Troubleshooting

Symbol aliases

SymPy treats symbols with different assumptions as different symbols even if they have the same name. To reduce this confusion, Lcapy assumes that symbol names are not aliased. It achieves this by maintaining a list of defined symbols for each circuit. However, it is unaware of symbols created by SymPy.

Symbol assumptions

There can be difficulties with symbol assumptions when working with SymPy. By default SymPy creates symbols with few assumptions, for example,

>>> from sympy import Symbol
>>> R1 = Symbol('R')
>>> R1.assumptions0
{'commutative': True}

On the other hand, by default, Lcapy assumes that symbols are positive (unless explicitly defined otherwise). For example,

>>> from lcapy import symbol
>>> R2 = symbol('R')
>>> R2.assumptions0
{'commutative': True,
'complex': True,
'hermitian': True,
'imaginary': False,
'negative': False,
'nonnegative': True,
'nonpositive': False,
'nonzero': True,
'positive': True,
'real': True,
'zero': False}

Since R1 and R2 have different assumptions, SymPy considers them different symbols even though they are both defined with the same name R.

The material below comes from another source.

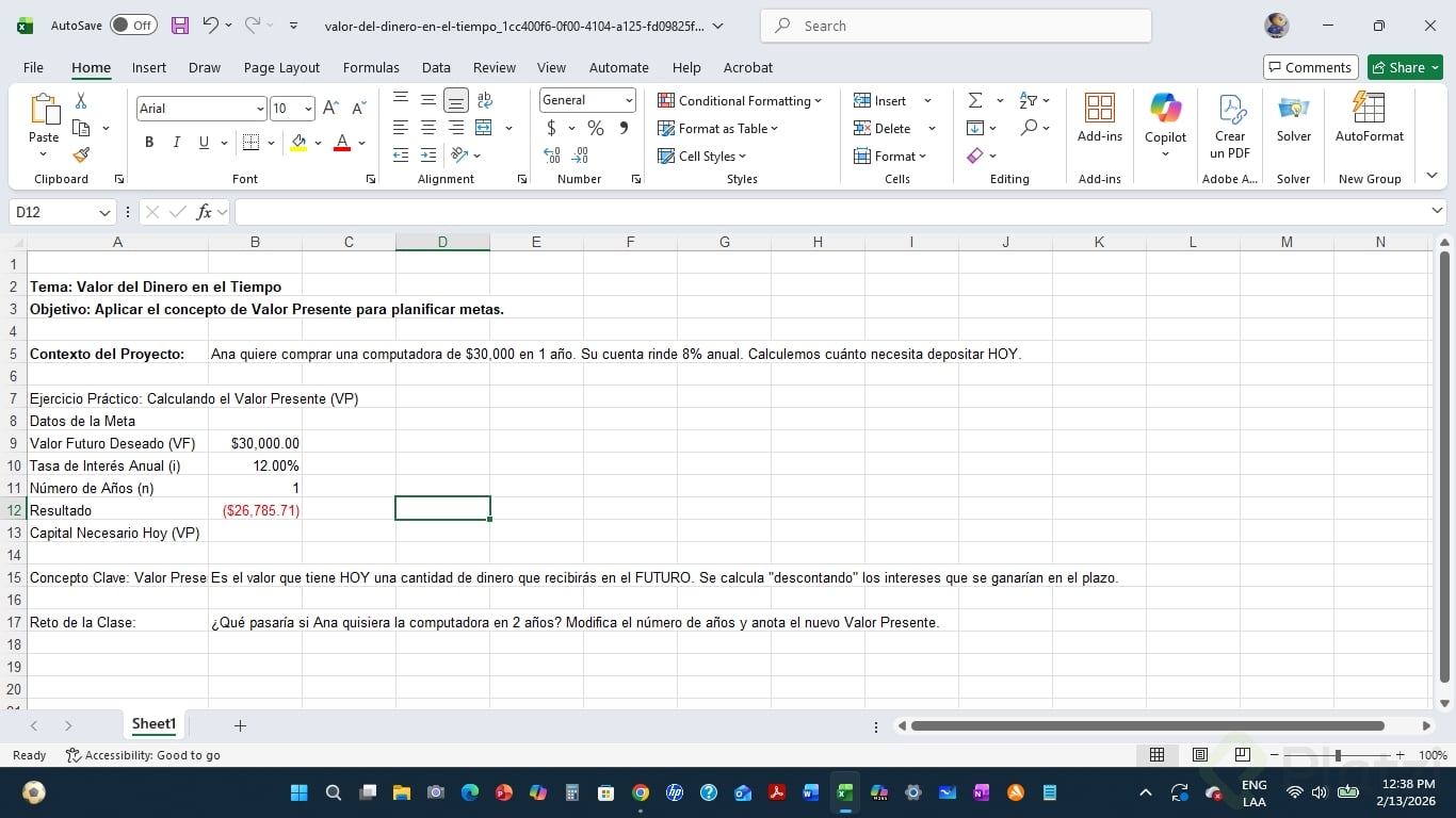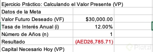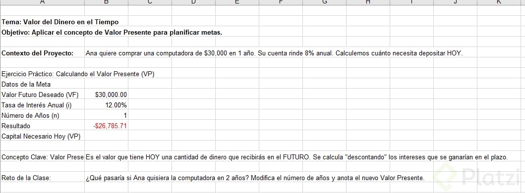 Ana quiere comprar una computadora cuyo valor futuro (VF) es de 30,000 pesos dentro de un año. Invertirá en un banco al 8 % de interés anual. El reto: hallar el valor presente (VA), es decir, cuánto debe depositar hoy.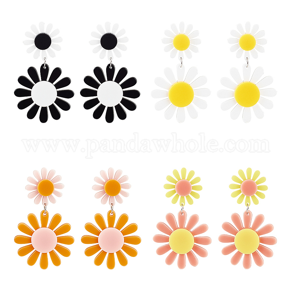 4 пары 4 цвета акриловые серьги-гвоздики в форме подсолнуха, длинные серьги из платинового сплава для женщин (02HGF1)

Note, every real symbol is also considered complex although with no imaginary part. The proper way to test assumptions is to use the attributes is_complex, is_real, etc. For example,

>>> t.is_real
True
>>> t.is_complex
False

Zero substitution

Be careful with zero substitutions. For example, consider
>>> x = symbol('x')
>>> (x * (s + 1 / x)).subs(x, 0)
0

In general it is safer (but slower) to evaluate a limit at zero.

>>> x = symbol('x')
>>> (x * (s + 1 / x)).limit(x, 0)
1

Another approach is expand the expression to avoid the division:

>>> x = symbol('x')
>>> (x * (s + 1 / x)).expand().subs(x, 0)
1

Computation speed

Lcapy can be slow for large problems due to the computational complexity of the algorithms. If speed is important, it is better to substitute symbolic values with numerical values.

The results from slow computations are cached to improve the speed.